Information about the origin of healthcare data has a major impact on the quality and the reusability of scientific results as well as follow-up activities. This protocol outlines plans for a scoping review that will provide information about current approaches, challenges, or knowledge gaps with provenance tracking in biomedical sciences.
INTERNATIONAL REGISTERED REPORT IDENTIFIER (IRRID): DERR1-10.2196/31750.
出处有助于理解数据起源,是确保包含(敏感)科学数据的数字对象可信度的关键因素。出处信息有助于更好地理解科学成果,促进对现有数据的协作以及数据共享。这包括在临床和科学数据工作流程及研究中定义有关透明度、可追溯性、可重复性、有效性和质量保证的全面概念和标准。
本范围综述的目的是调查有关出处跟踪方法和标准的现有证据,并揭示生物医学领域当前的知识空白。
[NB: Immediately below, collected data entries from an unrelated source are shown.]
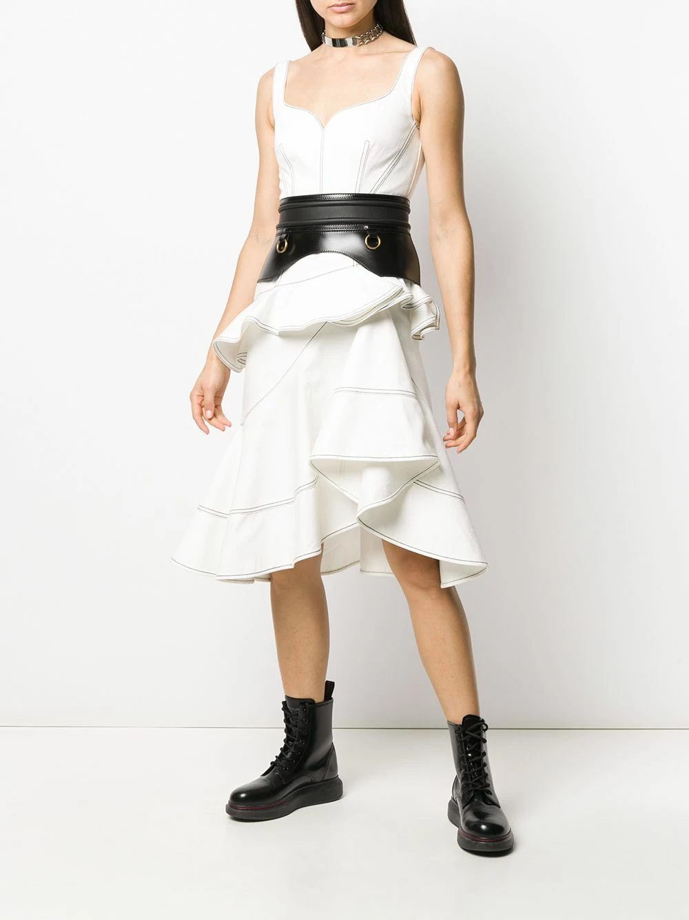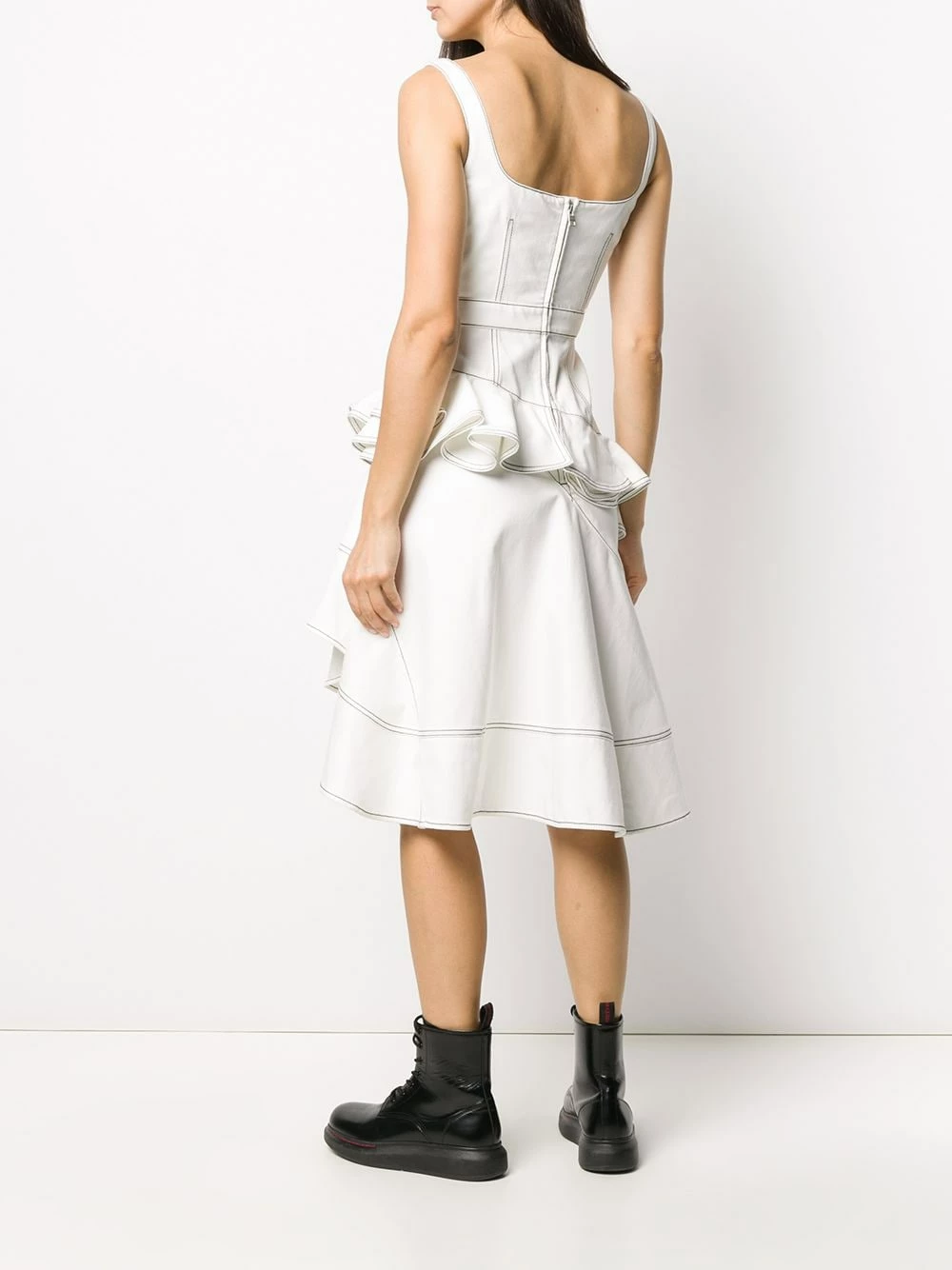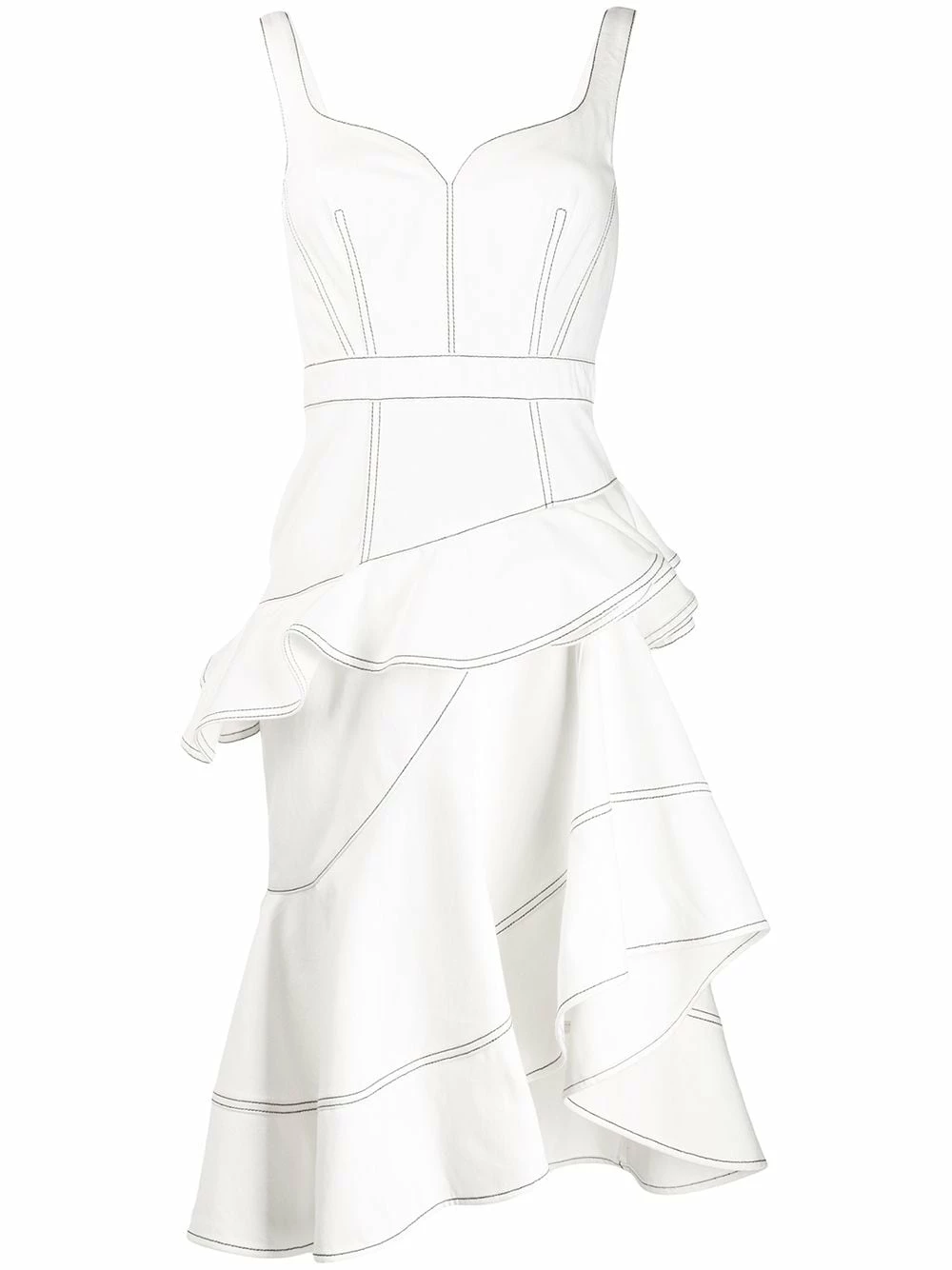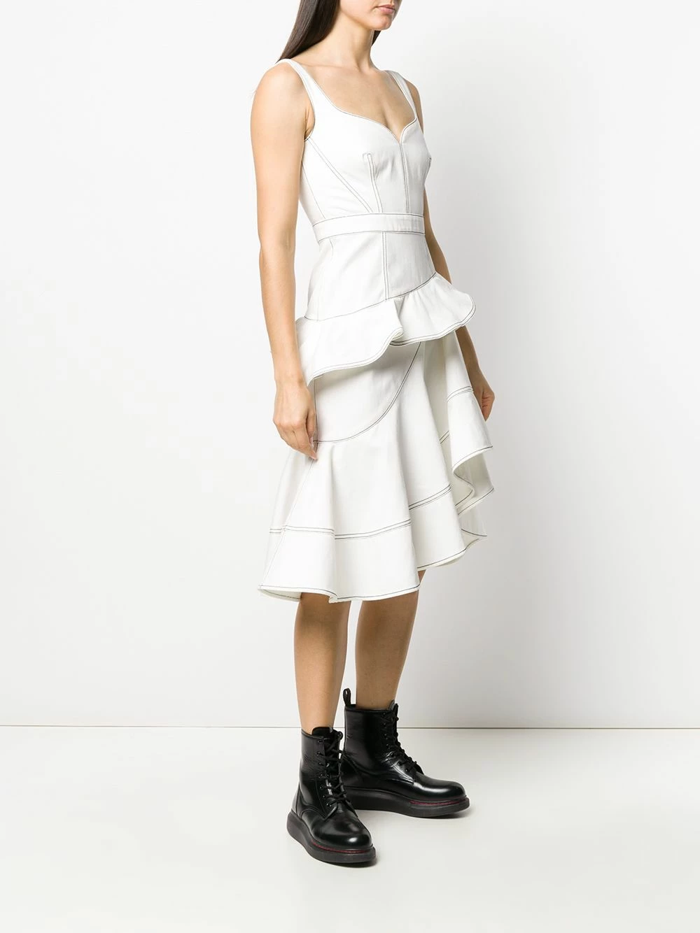Alexander McQueen began with the label’s founder working on Savile Row, so it’s no surprise the brand’s collections are immaculately tailored. Cut from white denim trimmed with contrasting stitching, it has a corset-inspired bodice and romantic ruffles at the skirt. Pretty as a picture. Featuring a sweetheart neckline, a ruffled design and an asymmetric hem.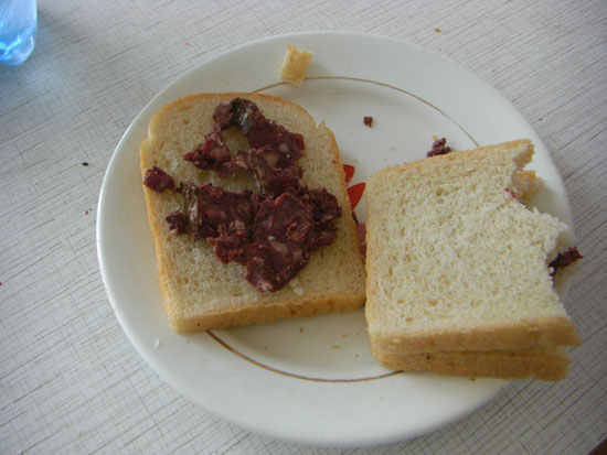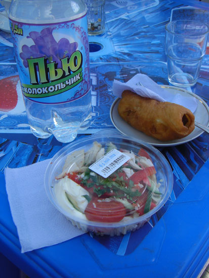 Gegen 3 hatte ich Hunger, ging in einen Imbiss auf der anderen Straßenseite. Da bekam ich ’ne Art Hot Dog, einen Salat und ’ne Limo für RUB 102. Hier ist eben Dorf.
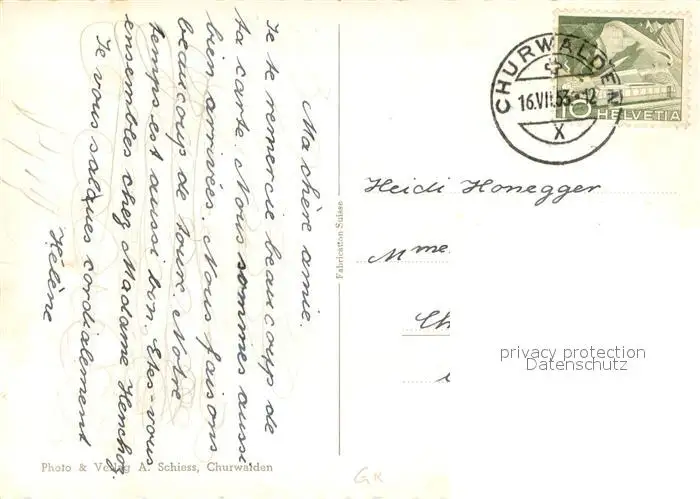 Churwalden Oberndorfmit Badanstalt Churwalden postalisch gelaufen 1953 Erhaltung siehe scans [WerneD78] WernPID7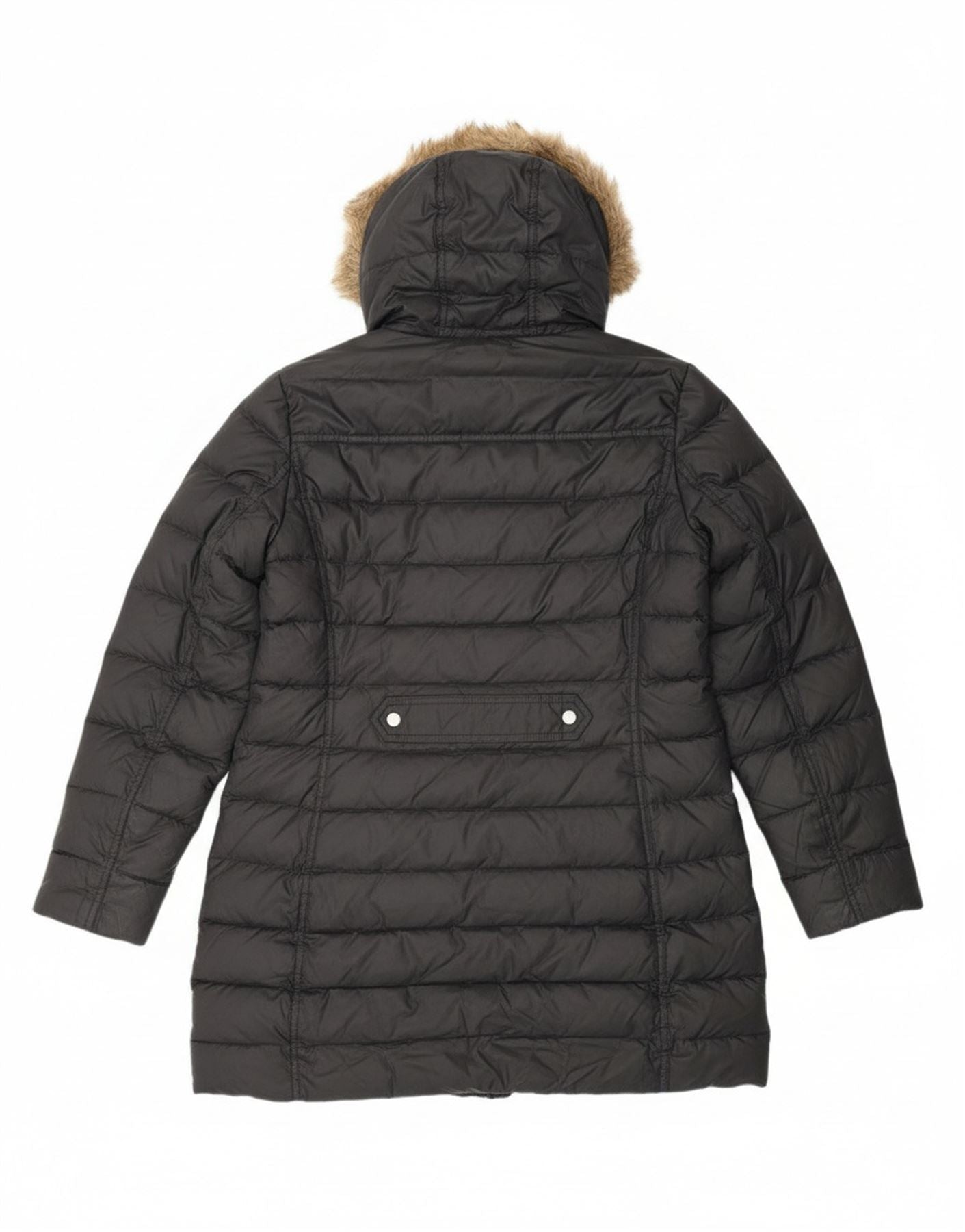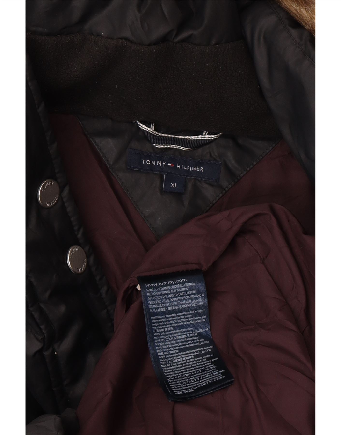 - AI Description: This Tommy Hilfiger womens padded coat is crafted from 100 percent polyester, offering a smooth woven texture and thermal warmth. It features a high neck and a button closure for a secure fit. The hooded design is accented with a faux fur trim, adding a luxurious touch. Long sleeves and a regular fit provide comfort and style for winter weather. Practical pockets complete this functional yet fashionable piece.

本综述涵盖建模方面以及在(敏感)生物医学科学数据的创建、收集和处理过程中用于生成有意义且可用的出处信息的元数据框架。本综述还包括对出处标准质量方面的考察。
本范围综述将遵循阿克西和奥马利的方法框架。通过查询PubMed和科学网获取相关出版物。将纳入2006年1月1日至2021年3月23日期间发表的所有英文论文。数据检索将辅以对灰色文献的手动搜索。然后将潜在出版物导出到参考管理软件中,并去除重复项。之后,将获得的论文集转移到系统综述管理工具中。对所有出版物进行筛选、提取和分析:标题和摘要筛选将由4名独立评审员进行。根据定义的纳入和排除标准,论文入选需多数投票同意。全文阅读将由2名评审员独立进行,最后一步,将在预先测试的模板上提取关键信息。如果无法达成一致,将由领域专家解决冲突。将通过根据研究问题对各个数据项进行分类和总结来分析图表数据。如有适用,将给出表格或图形概述。
报告遵循系统综述和Meta分析的首选报告项目扩展声明用于范围综述。在PubMed和科学网中进行电子数据库搜索,去重后得到469条匹配结果。截至2021年9月,范围综述处于全文筛选阶段。使用预先测试的图表模板进行数据提取将在全文筛选阶段之后进行。我们预计范围综述报告将于2022年2月完成。
医疗保健数据的来源信息对科学成果的质量和可重用性以及后续活动有重大影响。本方案概述了一项范围综述的计划,该综述将提供有关生物医学科学中出处跟踪的当前方法、挑战或知识空白的信息。
国际注册报告识别号(IRRID):DERR1-10.2196/31750。